3:39 p.m. ||January 23, 2006
Got Meds?
I made an appointment tomorrow with my primary care doctor. I've got to get something to help with my anxiety. Since I've been off the Effexor I feel horrible. I have sick headaches everyday and I sweat like I'm going through menopause. The worst is the panic attacks I have late at night. They're not quite panic attacks but just as bad. I start getting all edgy and freaking out. I keep thinking and worrying that I'll never find a job, get another place to live, find a guy and have kids. Then I start feeling like I'm going to die soon. It's horrible, I can barely breath and I feel my throat close up. I imagine myself suffocating. I don't think this is normal. I took money out of my checking account yesterday and I have less than $1000 in there. I am so broke. I don't know what to do. I apply to jobs and don't hear anything. I sent out about 20 resumes last week. Not to mention I still have my resume posted on about 5 job sites. My next step is to take a trip to my college and see if career services can help me out at all. I would really like a graphic design job.
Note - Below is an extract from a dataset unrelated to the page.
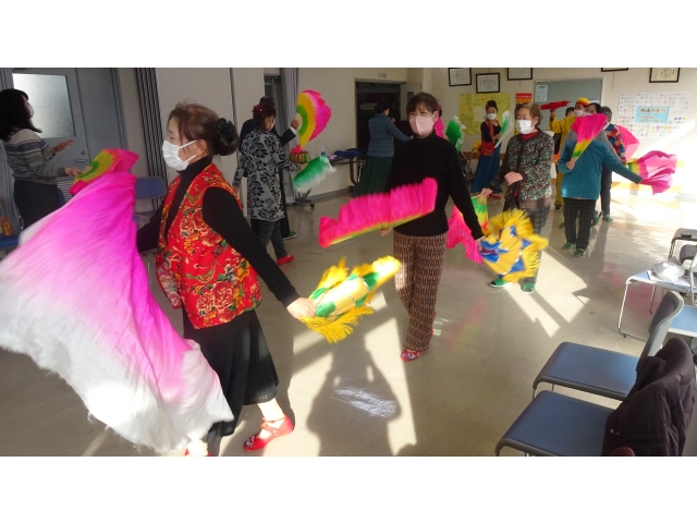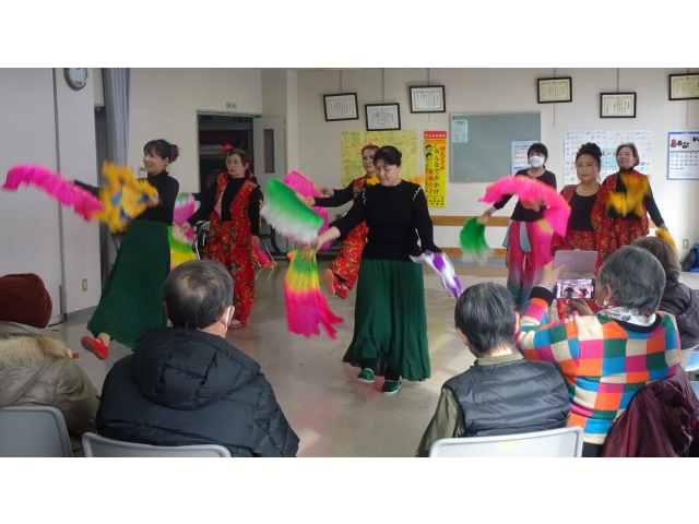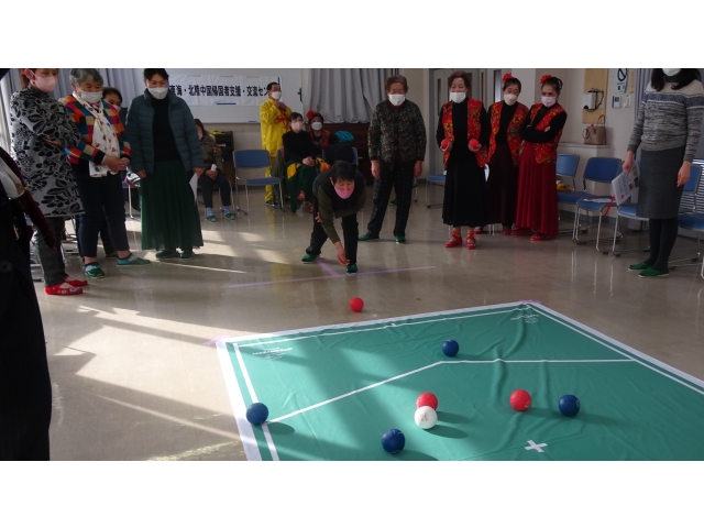 今回は18名の帰国者が参加され、芸達者な2世の方々が歌や踊りを披露して、1世の方々を楽しませました。途中、ボッチャ体験を行い、最後は、中国東北部の群舞「秧歌(ヤンガー)」を全員で踊って、賑やかに会を閉じました。

I applied to 2 places last week and sent a really good cover letter to both. Meanwhile I have been trying to add more pieces to my portfolio. My grandmother left our house last week after being here for about 10 days. She had her back surgery and is still in the hospital. After than she will go to a rehab. It was quite a task having her here. I feel bad but she is almost incapable of doing anything for herself. We had to help her get up, get dressed, get clean, go to the bathroom and go to bed, it was a lot of work. I hope I am never like that when I get to be her age.